Assignment » Your task is to copy exactly the lines from the line containing "El tercera base" through the end of the listing below, with pictures left out.

□ □ □ □ □ □ □

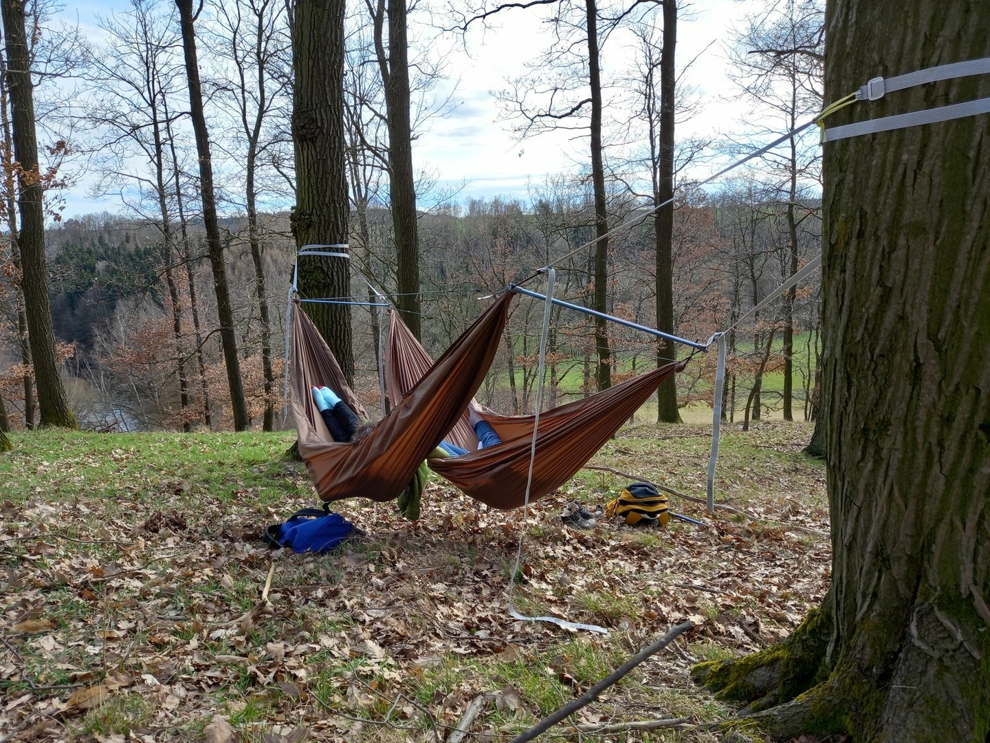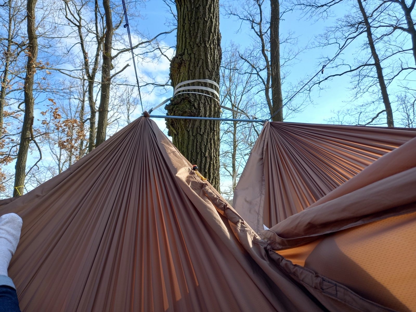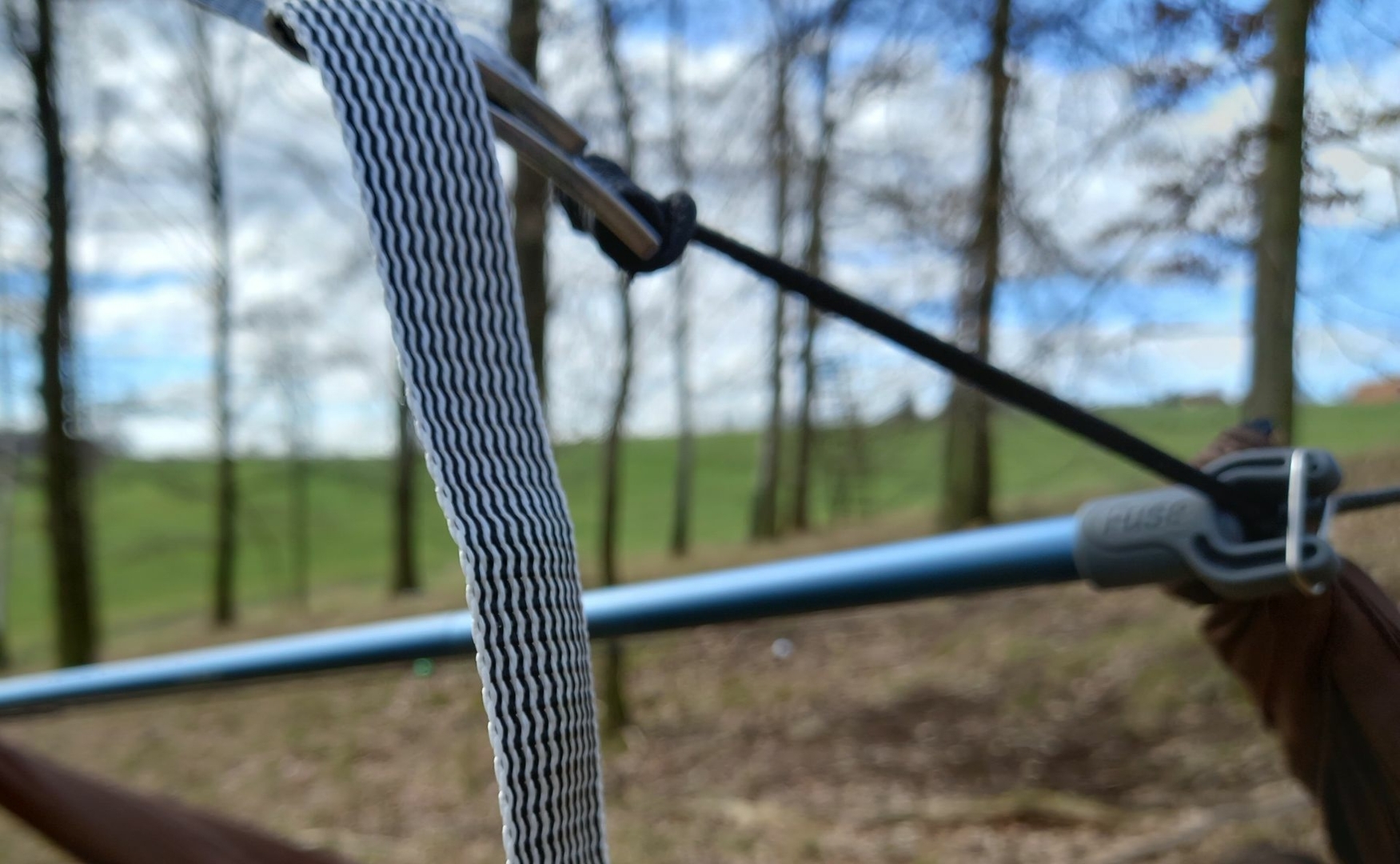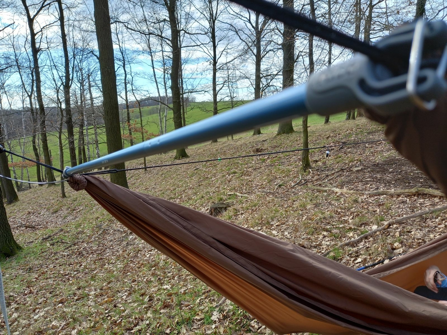 Ich habe am Wochenende die ENO Fuse Tandem Spreize ausprobiert. So brauche ich ggf. nur zwei Bäume und ein Tarp für zwei Hängematten.
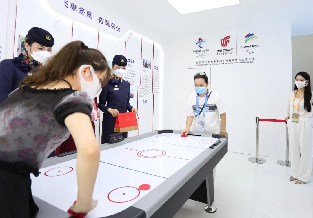 国航作为2022年北京冬奥会和冬残奥会官方航空客运合作伙伴,本届航展特别设立了冬奥展示专区,专区设置了桌上冰球游戏等互动体验项目,在演绎冬季运动项目激情与魅力的同时,参观者可以现场展开较量,近距离接触冰雪运动,了解冬奥文化。
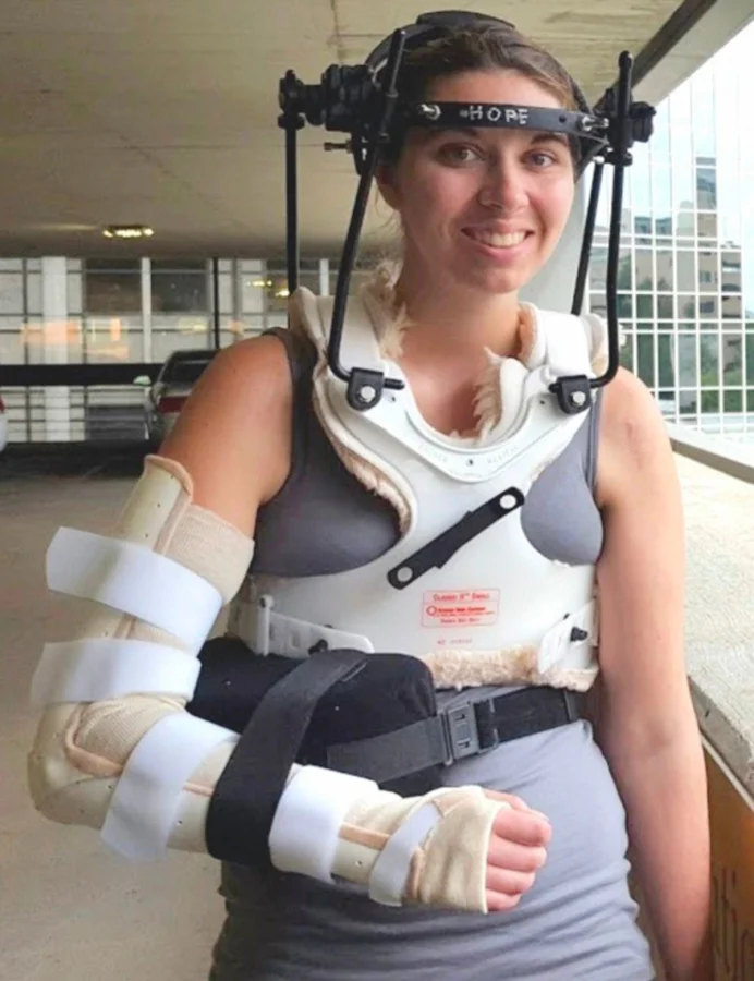 Врачи совершили настоящую чудо-операцию, соединив её череп с позвоночником. Когда она пришла в сознание, Кинг уже не могла двигать головой — хирурги срастили позвонки от черепа до таза.
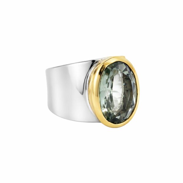Artystyczny Pierścionek szeroka obrączka z Zielonym Ametystem srebrny HANDMADE wykonany z najwyższej próby srebra 925 – bez niklu, nie uczula.
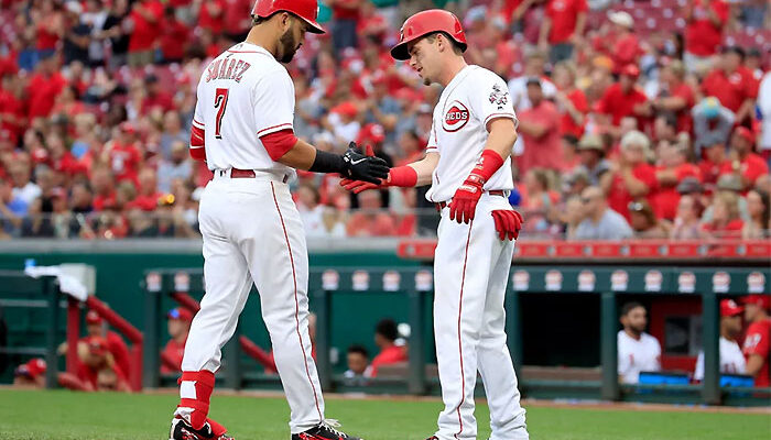 El tercera base completó el viernes su quinto partido con al menos un jonrón, lo que igualó la marca para los Rojos de Cincinnati y los venezolanos en las Grandes Ligas
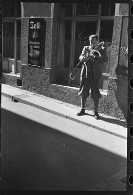 15. Фотография Хенкина Е.А., играющего на тромбоне на улице немецкого города.
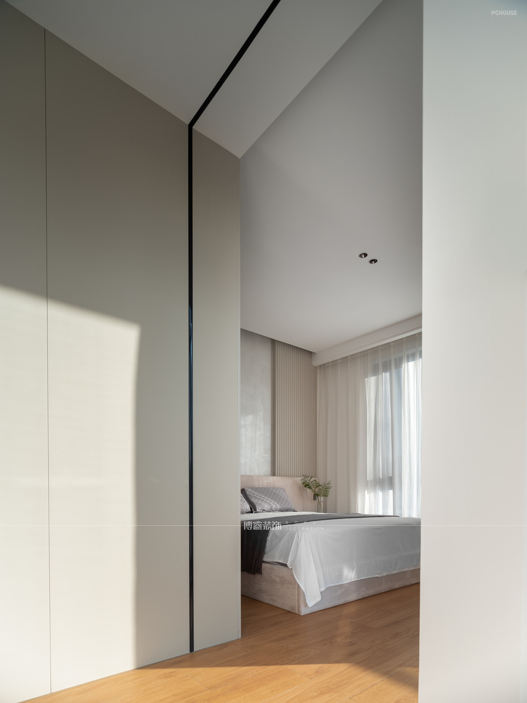 六楼卧室以素雅的色调、简单的线条渲染出整个空间的舒适,而房门正对床头左侧,整个床头设计会往右移,卧室的色调与整体一致,搭配木质地板,恬静自然。

□ □ □ □ □ □ □

Written response »
 El tercera base completó el viernes su quinto partido con al menos un jonrón, lo que igualó la marca para los Rojos de Cincinnati y los venezolanos en las Grandes Ligas
 15. Фотография Хенкина Е.А., играющего на тромбоне на улице немецкого города.
 六楼卧室以素雅的色调、简单的线条渲染出整个空间的舒适,而房门正对床头左侧,整个床头设计会往右移,卧室的色调与整体一致,搭配木质地板,恬静自然。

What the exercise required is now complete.